Example: the iris data

_images/plot_iris_analysis_1.png
>>> data = pandas.read_csv('examples/iris.csv')
>>> model = ols('sepal_width ~ name + petal_length', data).fit()
>>> print(model.summary())
OLS Regression Results
==============================================================================
Dep. Variable: sepal_width R-squared: 0.478
Model: OLS Adj. R-squared: 0.468
Method: Least Squares F-statistic: 44.63
Date: ... Prob (F-statistic): 1.58e-20
Time: ... Log-Likelihood: -38.185
No. Observations: 150 AIC: 84.37
Df Residuals: 146 BIC: 96.41
Df Model: 3
===============================================================================...
coef std err t P>|t| [95.0% Conf.

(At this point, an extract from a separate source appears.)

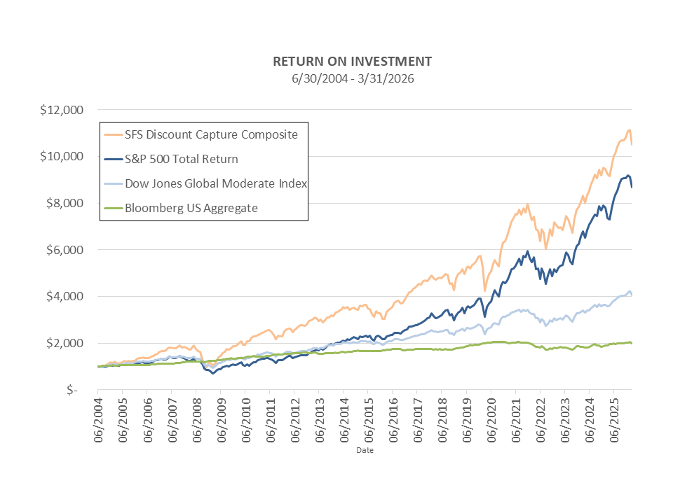 As shown in the chart above, a $1,000 investment subject to the returns of the SFS Discount Capture Composite would have been worth $10,521 (after management fees and other expenses) on March 31, 2026, as opposed to the $4,065 returned by a moderately allocated investment with the same performance as the Dow Jones Moderate Portfolio Risk Index, the $8,678 returned by the S&P 500 Total Return with dividends reinvested, and the $1,988 returned by a bonds based investment with the same performance of the Bloomberg Aggregate Bond Index.

Int.]
-------------------------------------------------------------------------------...
Intercept 2.9813 0.099 29.989 0.000 2.785 3.178
name[T.versicolor] -1.4821 0.181 -8.190 0.000 -1.840 -1.124
name[T.virginica] -1.6635 0.256 -6.502 0.000 -2.169 -1.158
petal_length 0.2983 0.061 4.920 0.000 0.178 0.418
==============================================================================
Omnibus: 2.868 Durbin-Watson: 1.753
Prob(Omnibus): 0.238 Jarque-Bera (JB): 2.885
Skew: -0.082 Prob(JB): 0.236
Kurtosis: 3.659 Cond. No. 54.0
==============================================================================

1.3.3. Post-hoc ANOVA: contrast vectors

In the above iris example, we wish to test if the petal length is different between versicolor and virginica, after removing the effect of sepal width. This can be formulated as testing the difference between the coefficient associated to versicolor and virginica in the linear model estimated above (it is an Analysis of Variance, ANOVA). For this, we write a vector of ‘contrast’ on the parameters estimated: we want to test “name[T.versicolor] - name[T.virginica]”, with an ‘F-test’:

>>> print(model.f_test([0, 1, -1, 0]))
<F test: F=array([[ 3.24533535]]), p=[[ 0.07369059]], df_denom=146, df_num=1>

Is this difference significant?


Exercice

Going back to the brain size + IQ data, test if the VIQ of male and female are different after removing the effect of brain size, height and weight.